Ironically, in March this year, Frei said the long-awaited certificate of occupancy for the church arrived the same day Gov. Gavin Newsom issued his executive stay-at-home order.
Although the wait has been long, leaders say the reconstruction of the church really couldn’t wait. Studies showed that since it opened on Easter in 1971, the center of the church had sunk six to nine inches. That required the pouring of an 18-inch slab and soil stabilizing, Falzon said.
Kim White, principal of St. Bonaventure Catholic School, called the extended reconstruction period “a spiritual and prayerful adventure,” filled with “a full range of emotions with loneliness and longing intermixing with faith and hope.”
“We gathered in His name as ‘living stones’ as we renovated His spiritual house,” Father Joseph Knerr, parish pastor, said in a prepared statement.
In addition to pouring the slab, a number of other changes were made, including turning the church to face west, installing an elegant baptismal font, removing chandeliers, installing a large Belgian tapestry, changing the courtyard, relocating the organ and building a new chapel. As important to many parishioners, according to Church leaders, the bathrooms were expanded and updated.
Many of the features of the original chapel were retained, Falzon said, including imported windows from France, and the church’s iconic Holy Spirit window.
“It feels like a new church, but with the original feel,” Falzon said.
Frei said the new orientation of the church also changes the way the light filters through the windows….
The above comes from a May 6 story in Orange County Catholic.

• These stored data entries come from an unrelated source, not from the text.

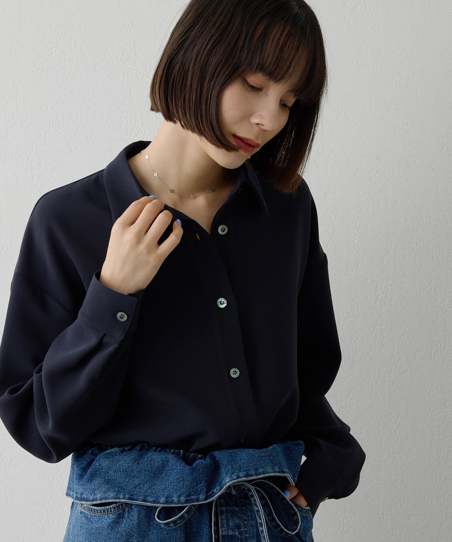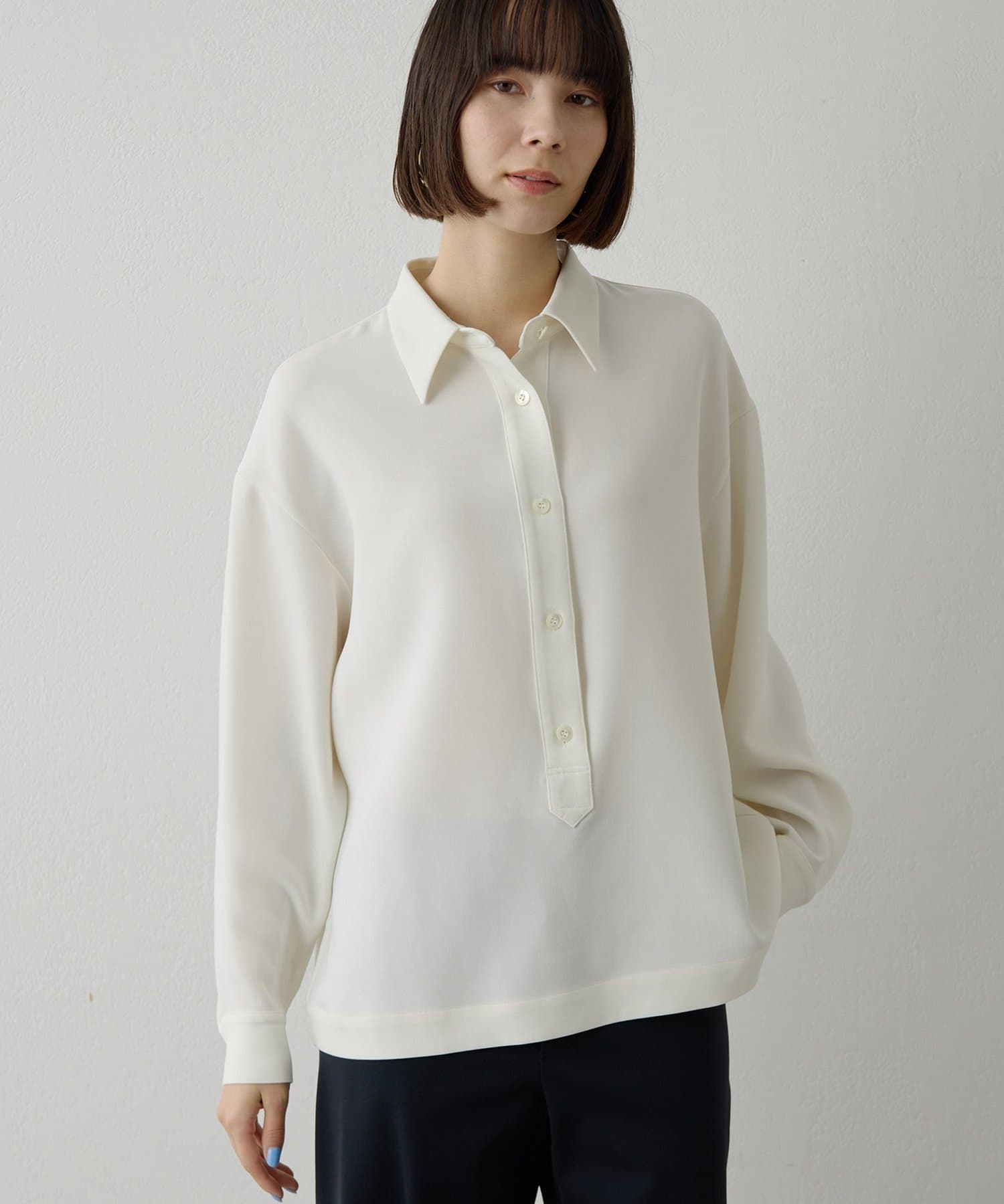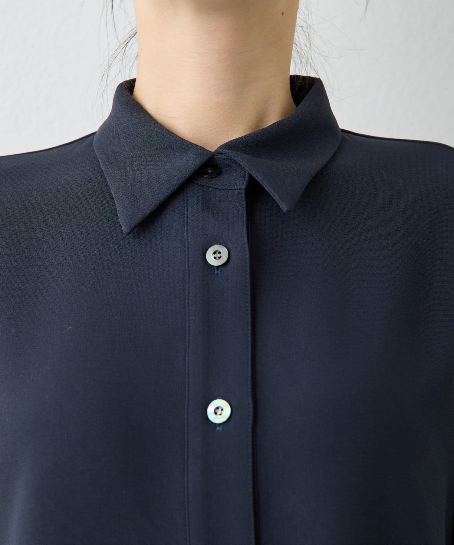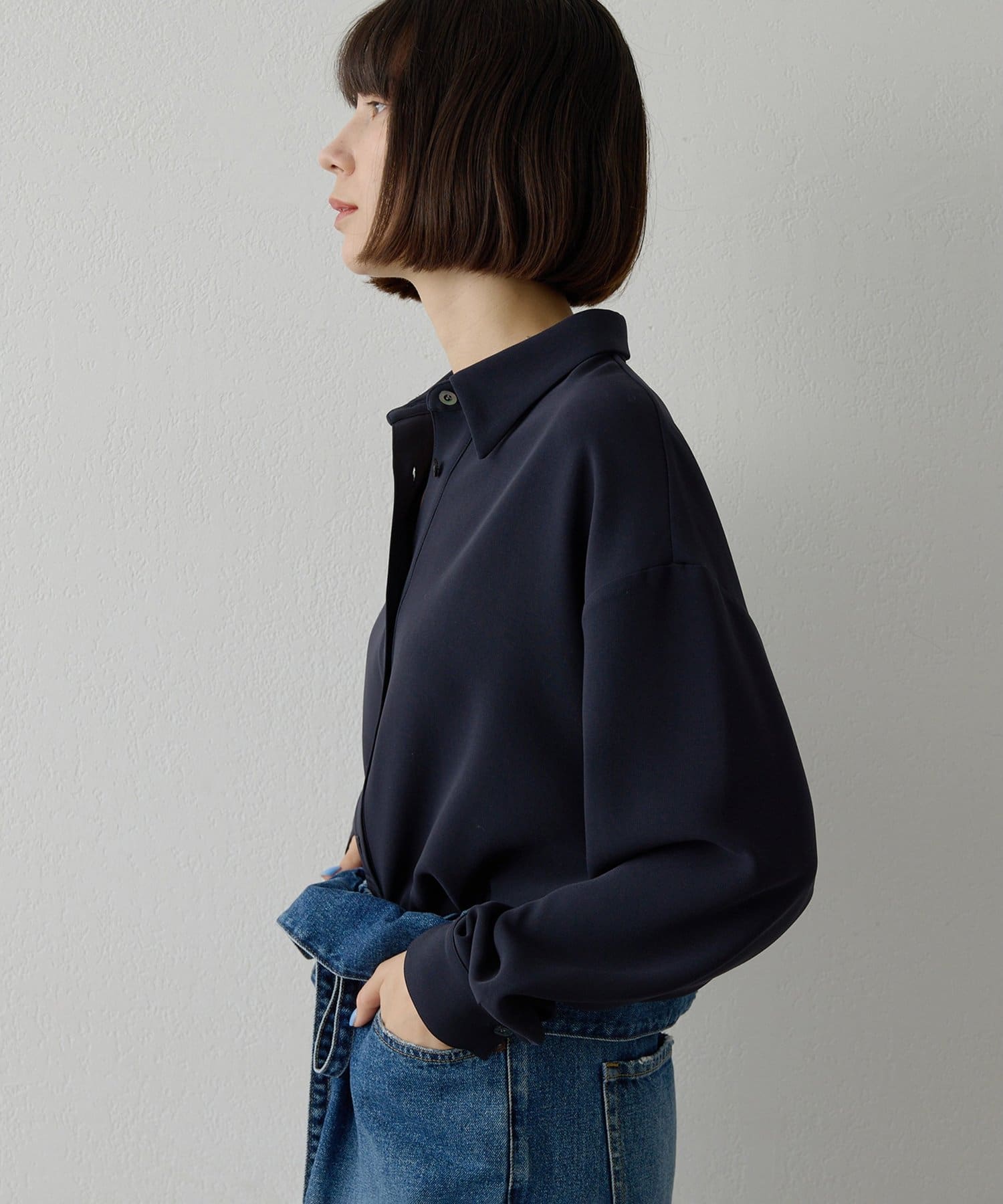 ■上品な落ち感と程よいハリを持つダブルクロス素材で仕立てたスキッパーシャツ。
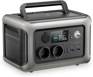 Nell’uso quotidiano colpisce soprattutto la rapidità. Collegata alla presa di casa, la R600 si ricarica completamente in circa un’ora, un aspetto che la rende estremamente pratica anche quando serve all’ultimo momento. La batteria LiFePO4 garantisce una lunga durata nel tempo e maggiore sicurezza, mentre la funzione UPS integrata permette di mantenere alimentati i dispositivi più delicati in caso di interruzione improvvisa della corrente. Abbinata a un pannello, diventa anche una power station solare compatta, perfetta come centrale elettrica solare portatile silenziosa e senza manutenzione.
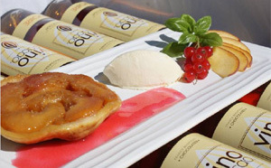 Facile - Préparation : 40 minutes , pour 6 personnes La Tarte aux Pêches « mi-Tatin mi-Melba » coulis de groseilles et glaces à la Vanille Deux très grands classiques de la pâtisserie française traditionnelle revisités en un dessert : La tarte Tatin et la Pêche Melba. Très simple à réaliser, ce dessert d’été peu se consommer...
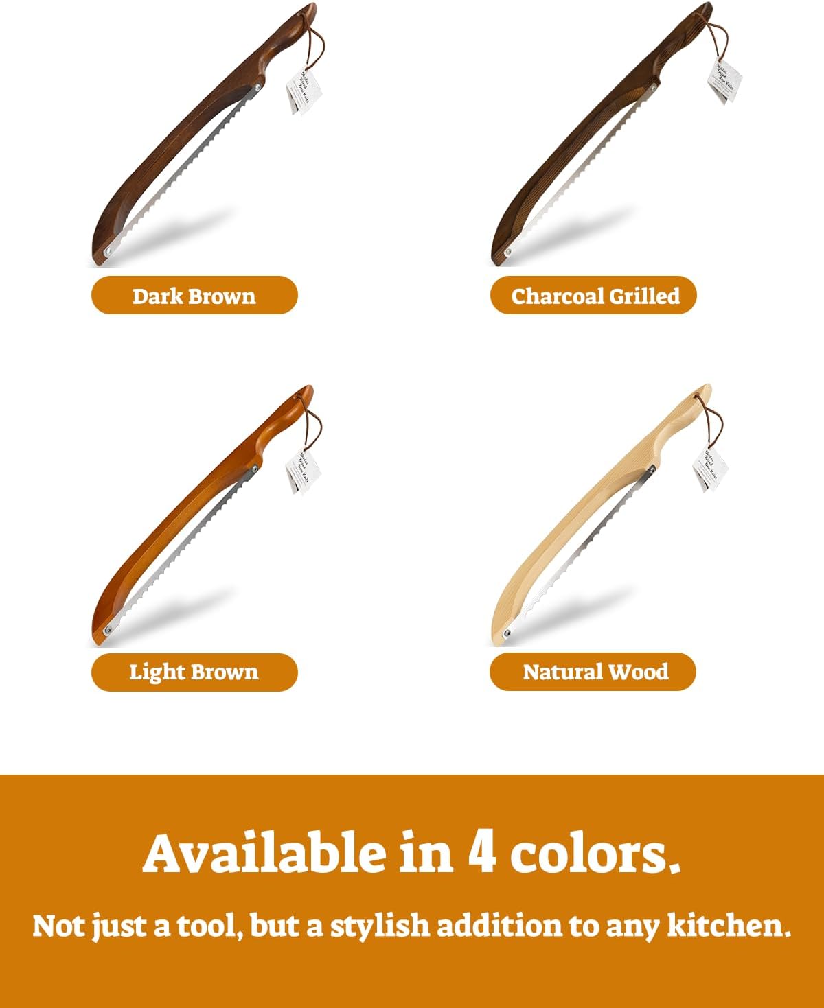 16.5” Bread slicer for Homemade Bread, Serrated Bread Knife for homemade bread with Bow Design, Premium Bread Knife, Bread Slicer, Bread Cutter for Bagels, Baguettes, Natural Wood
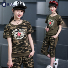 女童夏装迷彩服2017新款儿童中大童二件套12学生装15夏季迷彩套装
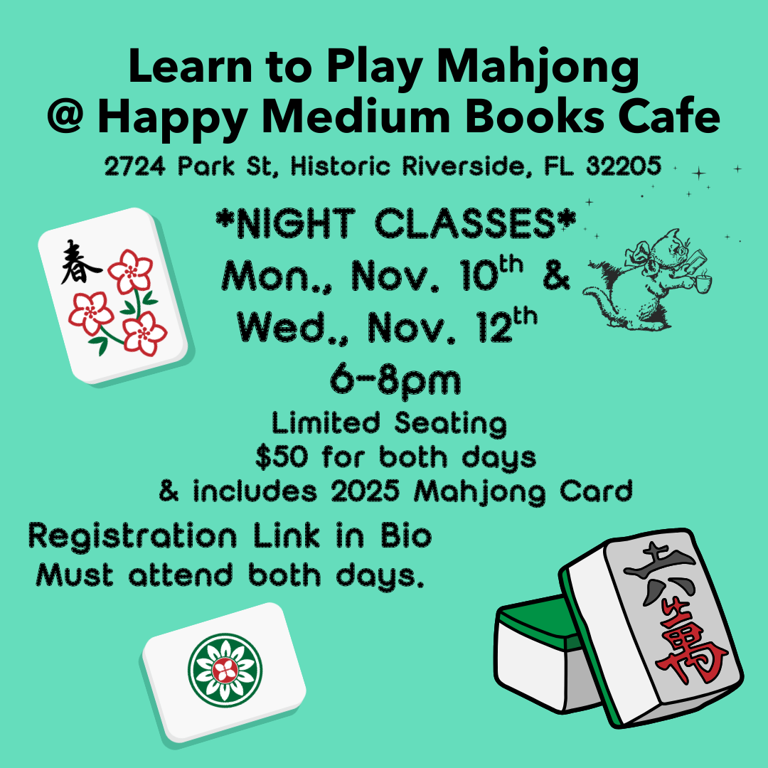 $50 covers the 2 – 2 hour classes on Monday, November 10th and Wednesday, November 12th 6pm – includes the 2025 National Mahjong Card.
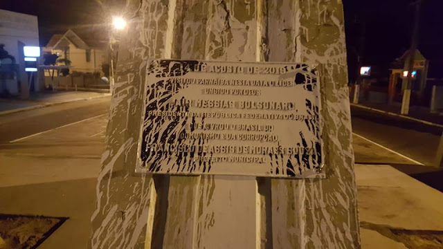A placa Inaugurada pelo prefeito Francisco de Assis de Moraes Souza – Mão Santa - na manhã desta sexta-feira, 14 de agosto, dia do aniversário da cidade de Parnaíba, em homenagem ao presidente da república, Jair Messias Bolsonaro no Centro Cívico de Parnaíba, em menos de uma hora após sua inauguração já foi pichada e vandalizada.
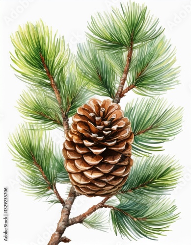 Generated image Pine branch with pine cone isolated on background, Conifer branch watercolor botanical paint

Question: Where is the Tabernacle?
An important improvement. When ya gotta go, ya gotta go.
More modern ugly.
Where is the Tabernacle? Might I ask where is the high altar, statues, communion rail, sanctuary lamp, and of course the most important question: Where is the Traditional Latin Mass??????
Romulus, Amen !
Two things strike me about the poverty of the modern church building, of which this is a good representative. The first is the set-up for the altar, which while not precluding a Mass said ad-orientem, makes it seem a bit awkward as there is nothing particularly inspiring for the priest or people to look at while facing east. And I miss the communion rail most of all. It is obvious one cannot receive kneeling if, like me, one is older and less mobile. I was so very fortunate to attend a parish (St. Rita’s, Sierra Madre) that had a communion rail and used it until the pastor retired, some time in the late 90s. Oh how such a sense of reverence was to be had receiving the sacred host while kneeling!
It is a “blessing in disguise” that the people are not allowed in the church building.
Take a look at St. Rita’s in Sierra Madre California, not sure what it is supposed to be? Something out of Star Trek or Star Wars, it says nothing about the Roman Catholic faith and have no idea what the purple “thing” hanging on the wall represents! Dan are sure they had a communion rail? It is full blown Novus Ordo now or always has been, nothing remotely Catholic about it.